For Zenital, however, the challenge goes beyond incorporating new tools. The next phase of AI adoption will be determined by the ability of organizations to identify where it adds value, integrate it into their processes, train their teams and establish a governance framework that allows its use to be extended safely and effectively.

In 2027, AI will have to justify the investment

Looking ahead to 2027, Zenital foresees that business artificial intelligence will enter a stage of greater maturity, in which proofs of concept will increasingly coexist with demands for return, scalability, security and control. The adoption of AI will thus no longer be measured solely by the number of tools used or projects launched and will begin to be measured by its impact on specific indicators such as hours saved, reduced costs, automated processes, response times, productivity or improved analysis and decision-making capacity.

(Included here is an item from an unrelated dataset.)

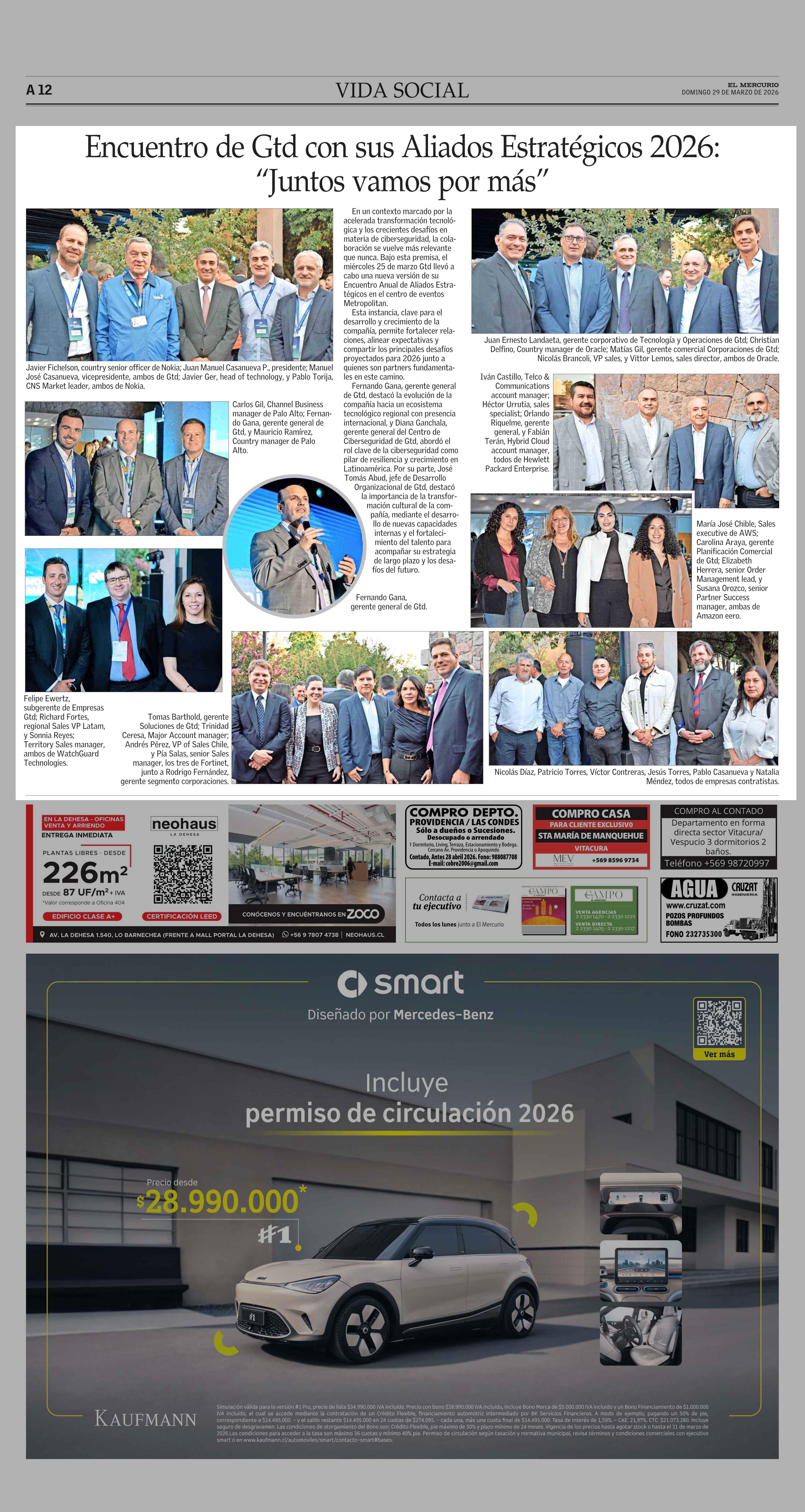 Encuentro de Gtd con sus Aliados Estratégicos 2026: “Juntos vamos por más” 29-03-2026 El Mercurio |

In this context, the adoption of AI will become increasingly linked to the ability of companies to justify the investments made and demonstrate that the technology generates a tangible impact on the business. The question will no longer be only how much AI is used, but how much value it contributes and with what guarantees.

“The hype has forced the entry of artificial intelligence into the agenda of practically all organizations. Now comes the difficult and, at the same time, the most interesting part. We have to separate what is technically possible from what really makes sense for each business. The companies that do this exercise well will be the ones that manage to turn AI into an advantage and not simply another tool. To achieve this, at least two things are necessary: ​​training and governance,” concludes Manel Vericat.